Share Transfer Procedure in Private Limited Company
The ownership of a private limited company is determined by the shareholding of the Company. To induct new investors or transfer ownership of the Company, the share of the private limited company would have to be transferred.
A private limited company is considered to be a “closed corporation” of members, similar to a Partnership Firm. Therefore, the share transfer in a Private Limited Company can be restricted by the Articles of Association (AOA). Hence, the Articles of Association of the Company must be reviewed prior to beginning the share transfer procedure.
1. Rights of pre-emption: If a shareholder wishes to sell some or all of his shares, such shares must first be offered to other existing members at a price determined by the Directors or the Auditor of the Company. The value of the shares can be determined based on the formula / method prescribed in the Articles of Association.
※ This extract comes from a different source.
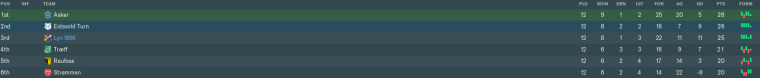 With the two frontrunners having drawn their matches, we were now only three points off leaders Asker, and one behind Eidsvold Turn. If we bettered Eidsvold’s result in the next round of fixtures, we would climb into the play-off spot at their expence – and possibly even into the automatic promotion place.

In no existing shareholder is interested, then shares of the Company can be freely transferred to an outsider.
2. Powers of Directors to refuse: The Director may have the powers to refuse registration of transfer of shares under certain circumstances – prescribed in the Articles of Association.
Only restriction contained the Articles of Association are considered legally binding. Any private agreement between the shareholders are not binding either on the company or on the shareholders. Further, share transfer can only be restricted by the Articles of Association. The right to transfer shares of a private limited company cannot be and total prohibition or ban on share transferability.